Kura Conversions: Japanese Storehouses Reborn

In my May 15 column in the Japan Times, I wrote about traditional Japanese storehouses, mentioning efforts to preserve these beautiful buildings by converting them into other uses, one example being the house above designed by architect Henmi Mitsuo 辺見 美津男 in Shirakawa, Fukushima Prefecture.
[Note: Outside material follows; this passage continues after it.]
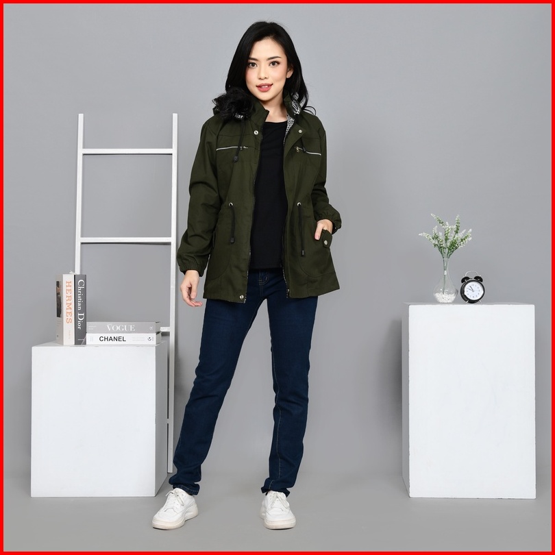 Jaket Parka Cewe Kekinian Jumbo Panjang Bahan Baby Canvas Ukuran M Sampai 4xl

Of course now I want a kura but who has the time or money to run all over looking for one? Enter the Japan Minka Revival Association 日本民家再生協会 (Nihon Minka Saisei Kyokai). JMRA runs a service called “Minka Bank” 民家バンク that matches people who have traditional buildings to sell with people who want to buy ’em. Even if you don’t read Japanese, you can still drool over the pictures. I looked today, and found a kura in Ibaraki in need of love:

You could also buy JMRA’s new book Yomigaeru Kura: Zenkoku Saisei Jirei 44-senよみがえる蔵:全国再生事例44選, which features 44 kura conversions from around the country. There are homes, offices, cafes and even a day-care center for seniors.

I got these photos from JMRA after press time, so I’ll post a few now and come back to add details and links. These are all photos from the book. Below, this restored kura is part of a eel restaurant in Fujioka, Gunma Prefecture called Kashiwaya Shieroemon. The architect is Kissou Ichinayagi.

The interior below shows how a kura in Maebashi, Gunma Prefecture was transformed into living space by Kissou Ichinayagi.